49. How to Keep Readers Turning Pages. Part II: Make life tough for your protagonist

In the last post I talked about building suspense into your novel by using cliff-hanging chapter endings. Another, even more important technique, is to make sure readers identify with your main character, then thwart that character every chance you get.

In a mystery or thriller, a good way to thwart your character is to place her in physical danger. In a romance, make sure that the would-be lovers misunderstand each other’s intentions, like many of the heroes in Jane Austen novels, or that there are serious outside pressures against the romance (as in Romeo and Juliet). Assuming your readers care about your characters, they will keep reading to see how the characters overcome these obstacles.

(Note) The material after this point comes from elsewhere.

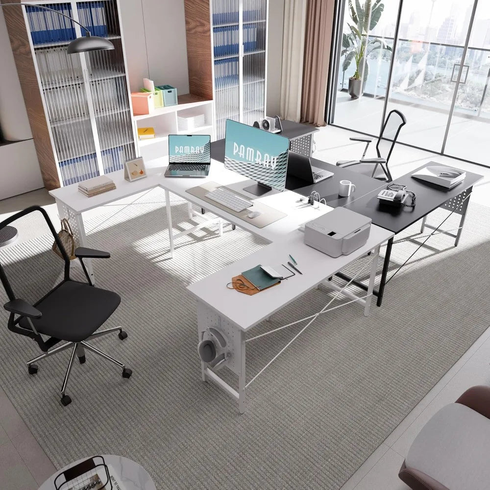 Transform your workspace with our spacious 71-inch U-shaped corner desk, designed to maximize efficiency and comfort for home office tasks, gaming, and creative projects. This versatile desk features three desktops, allowing you to organize separate zones for work, gaming, and writing—perfectly utilizing room corners to save space while providing ample surface area. Key features include integrated power management with 4 AC outlets and 2 USB charging ports, enabling you to conveniently charge laptops, phones, gaming consoles, and other devices without cluttering your setup. Built for durability and stability, the desk is reinforced with three X-shaped back braces and a robust steel frame that supports up to 150 lbs. Adjustable leg pads ensure a level surface on uneven floors. Assembly is hassle-free with clear instructions, all necessary tools included in the accessory box, and comprehensive installation videos accessible via QR code on the packaging. Choose from eight stylish colors—black, white, pink, gray, marble pattern, orange vintage finish (distressed look), or red—to seamlessly match any interior decor. Ideal for professionals seeking an organized home office solution or gamers needing a dedicated station. Elevate your productivity and style today!

                                       3925219-silhouette-of-romeo-and-juliet-balcony-scene

After all, if the two love interests in a novel meet, get along great, and don’t even have opposition from their families, why should anyone keep reading? If the dauntless detective follows one clue to another, in a straight line, and catches the villain without any peril or hassle, what’s the point in turning pages?

Here is the catch: working out a series of believable obstacles can be hard. But it is worth it if it keeps your readers reading.

In my third Pandora’s book there are plenty of major twists and turns in the plot, but I’m trying to focus on the small twists to keep the suspense going. For example, Zach and his traveling companion will confront major perils when they reach the Western West, but it’s a long and arduous trip there. A relatively minor obstacle that I have already written about is crossing the Mississippi river

As I’ve worked on revising this scene, however, I have come to realize that my original conception was too easy, so I’ve added the following obstacles: suspicious, hostile  townspeople; the necessity for the protagonists to prove they are who they say they are (which they are not, by the way); an exorbitant demand for money to use the town’s ferry; and the sudden, possibly calamitous recognition of Zach and his companion by one of the townspeople. (This last, by the way, makes an excellent chapter-ending cliff.)

The resolution to each obstacle in this journey to the Western West is always created by the protagonists themselves; and my hope is that each should feel satisfying and move the story along at the same time.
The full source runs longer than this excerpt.